Hey SS forums! I am not an extraordinary cuber by any means, but I am an alg fanatic. I am going to be learning all of the mainstream zz variants. I may or may not decide to learn more, depending on new incoming variants. This will be something I can challenge myself with, and also it would be cool to see myself do something no one has before. I am creating this thread as a way to hold myself accountable to this journey. I already know full TUL ZBLL and half of H and quite a few random cases from Pi and S/As. I plan on learning even more algs for different puzzles, such as 2lll for megaminx and full pbl/obl on sq1. I might even learn Mehta-TDR, who knows.

Case count:
ZZ-a: 493 ZBLLs
ZZ-c: 504 OLS
ZZ-ct: 105 TSLEs and 72 TTLL (included PLL in the ZZ-a alg count)
ZZ-d: 115 CPLS

For a total of...1,289 unique cases to learn!

Here we go


----------



## PapaSmurf (Sep 30, 2021)

You can ignore TSLE, as all of them are ZZ-C cases, which gives 1183. Fewer algs, yay!


----------



## Swagrid (Sep 30, 2021)

Papasmurf mentioned TSLE being contained within OLS, and there's even more overlap among LS sets. R2 D R' U' R D' R2 is an alg for TSLE, OLS, and CPLS. The actual number of unique cases is lower, its more about applying algs to different scenarios based off of different ways of thinking. 

Either way, good luck. It'll be a hell of a journey.


----------



## GenTheThief (Oct 1, 2021)

S1neWav_ said:


> I am an alg fanatic





S1neWav_ said:


> I'm not an algorithm kind of person, I prefer intuition.

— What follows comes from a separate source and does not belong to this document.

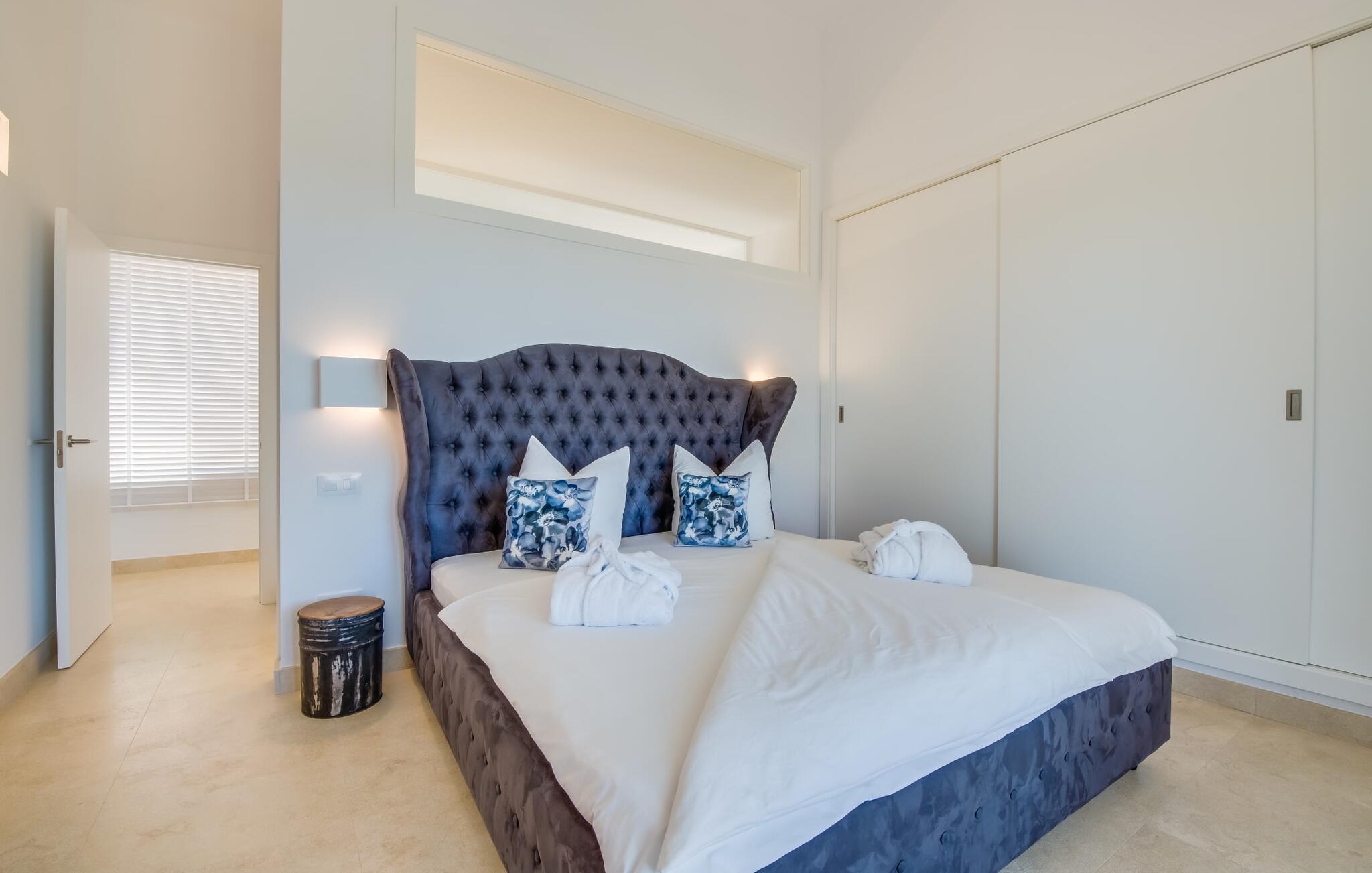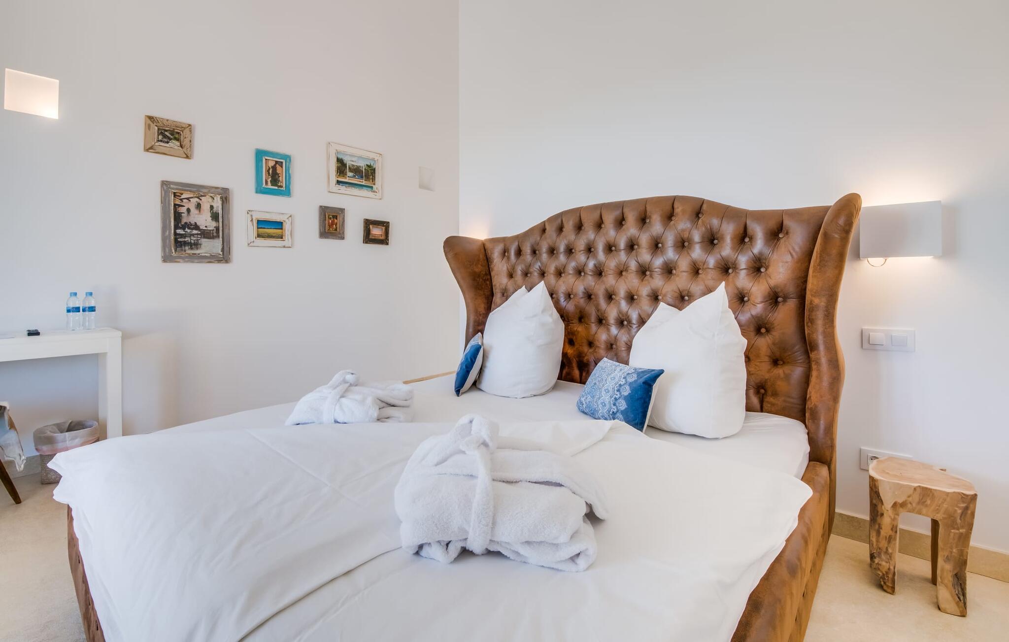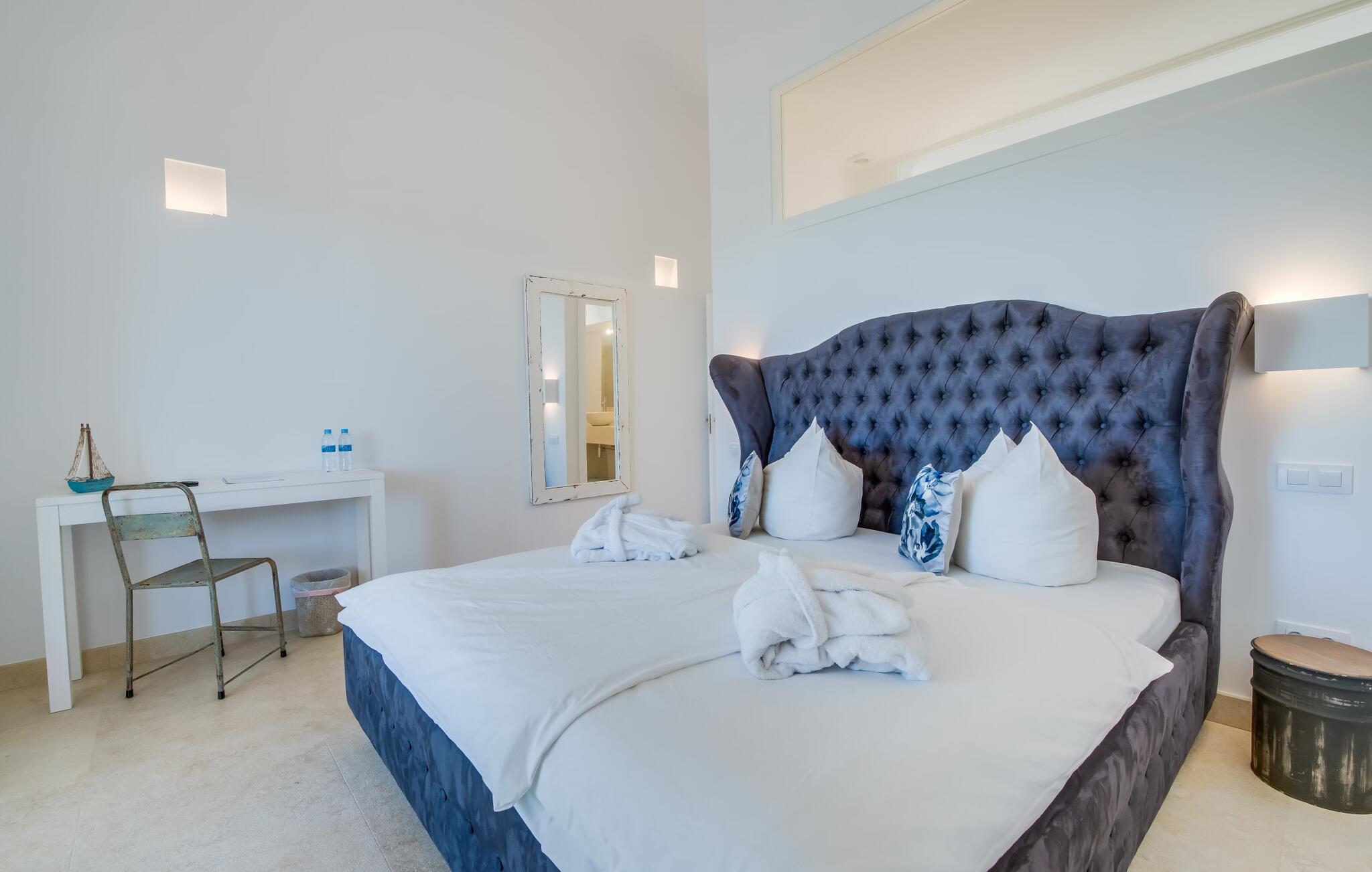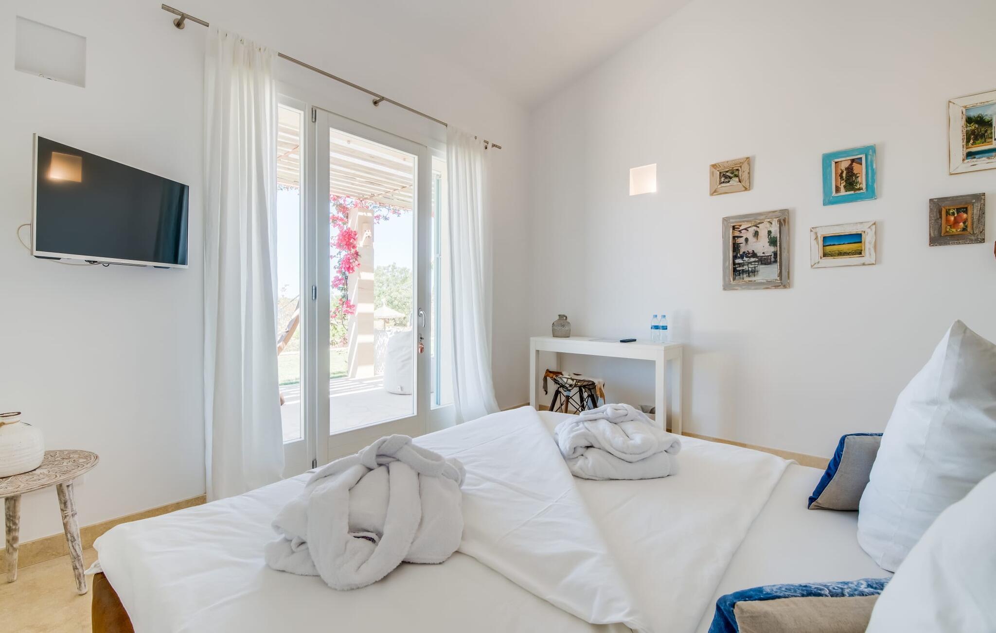 "El Idilio" fokuserer også på lys, luft og fri plass i interiøret! Fincaen er puristisk og elegant innredet med uvanlige gjenstander og tilbehør, og er en stilfull ferieoase for å utforske den sørlige delen av Mallorca og det ideelle stedet for å lade kropp og sjel eller utvikle ideer i et kreativt team. I første etasje er det tre soverom med dobbeltseng (sengestørrelse 1,80 x 2 meter) med eget bad, TV og tilgang til terrassen. Takmonterte vifter sørger for en forfriskende bris når det trengs, og det samme gjør klimaanlegget og gulvvarmen i hele huset og i alle soverommene. Et gjestetoalett og vaskerom ligger også i første etasje, i likhet med det sentrale, todelte oppholdsrommet: en maritim sofasurfing-sone her og en peisestue med en åpen, profesjonelt utstyrt kokeøy der. Utallige glassfronter kan åpnes mot hagen og bassenget, noe som bringer utendørsfølelsen inn i huset. I øverste etasje viser den vennlige tjeneren i livré deg gjerne veien - her venter et annet dobbeltrom med eget bad (også med klimaanlegg) og utsikt over havet og øya Cabrera fra takterrassen. Et Sonus-musikkanlegg sørger for den rette lyden til en sundowner, og et nettbrett er også tilgjengelig for å planlegge din neste utflukt

so you just go around lying now, huh ? what kind of sick idiot are you, throwing around contradictory statements like this, trying to polarize everyone ? are you just here to farm karma?? on a sleeper account no less : ? well im here to tell you buddy that we don't have karma on speedsolving; this isn't reddit you fool .
man, the type of people on this site these days. speedsolving was way better before people like you joined


----------



## S1neWav_ (Oct 1, 2021)

ZF slow said:


> Papasmurf mentioned TSLE being contained within OLS, and there's even more overlap among LS sets. R2 D R' U' R D' R2 is an alg for TSLE, OLS, and CPLS. The actual number of unique cases is lower, its more about applying algs to different scenarios based off of different ways of thinking.
> 
> Either way, good luck. It'll be a hell of a journey.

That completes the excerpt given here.